Is this the right move? Has management under-appreciated Little’s contributions? Regardless of whether or not you hold Little accountable for Boston’s Game 7 loss, he had two terrific seasons in Beantown. The 2003 team showed the kind of resolve and determination that kept Yankee fans up at night all season long. But as Gordon Edes notes in The Boston Globe, Game 7 isn’t the only reason Little won’t return:

The Sox no longer want to discover, to their dismay, that the manager, according to a team source, failed to hold a hitters’ meeting before the Oakland playoff series, wasting countless hours of traditional scouting work and sophisticated video and statistical analysis that was done ostensibly to give the Sox an edge.

…The Sox, who as of last night had not contacted or asked permission to interview any candidate, plan to go beyond the traditional, just-show-up-in-a-coat-and-tie-and-answer-our-questions evaluation process. They will want hard answers, using specific situations, perhaps even using video, on how a manager handles the game within the game. No more guesswork on whether the manager will know that he should bring in Alan Embree to face Jim Thome, not only because the stats are weighted in Embree’s favor (0 for 7, 5 whiffs) but because Embree’s strengths are best suited to exploit the weaknesses in Thome’s swing.
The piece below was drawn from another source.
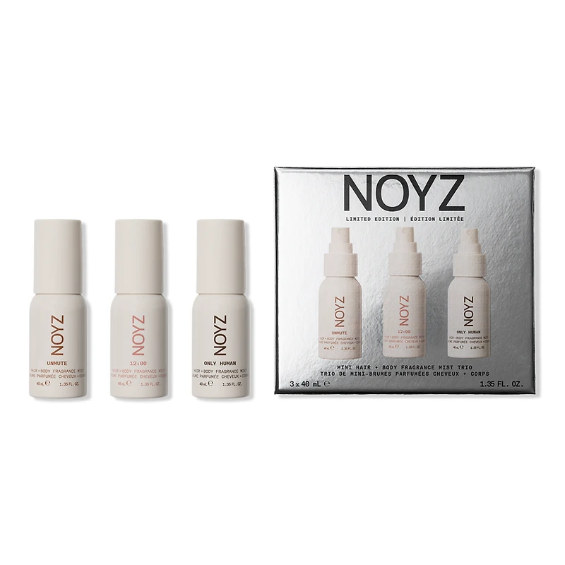HAIR + BODY FRAGRANCE MIST TRIO. Features: NOYZ. Scent, unfiltered. For all genders. A new dimension of self-expression.. Certified vegan by The Vegan Society and cruelty free by PETA.. Formulated without parabens, phthalates, synthetic dyes or animal by-products.. Bottles are designed to be disassembled and recycled.. Includes: UNMUTE (1.35 oz), 12:00 (1.35 oz), ONLY HUMAN (1.35 oz). Fragrance Family: UNMUTE: Vanilla/Amber. 12:00: Warm/Sweet Gourmand. ONLY HUMAN: Skin-Hugging Gourmand. Key Notes: UNMUTE- Top: Indonesian Cassia / Black Plum / Clary Sage / Ceylon Cinnamon / Pistachio -- Middle: Cashmere Woods / Spanish Ciste / Somalian Incense -- Base: Madagascar Vanilla / Crisp Amber. 12:00- Top: Australian Pink Pepper / Jasmine Petals / Saffron -- Middle: Raspberry / Creamy Blonde Woods -- Base: Ambroxan/ Spun Sugar/ French Oakmoss. ONLY HUMAN- Top: Pink Pepper / Italian Bergamot -- Middle: Waterlily / Bamboo -- Base: Vanilla Bean / Ambroxan / Cedarwood.

It was not Little’s managerial style to meticulously anticipate every game situation that might arise, and, armed with the best possible information — some statistics-oriented, some not — react to those situations in a manner that would satisfy an owner as mathematical in his world view as a John W. Henry. That is why the Sox are not being dishonest in their insistence that Little was not being cashiered because of what happened in Game 7 of the ALCS. They had reservations that extended back to his first season on the job, which is why they did not exercise his contract option this spring, according to one of the team sources.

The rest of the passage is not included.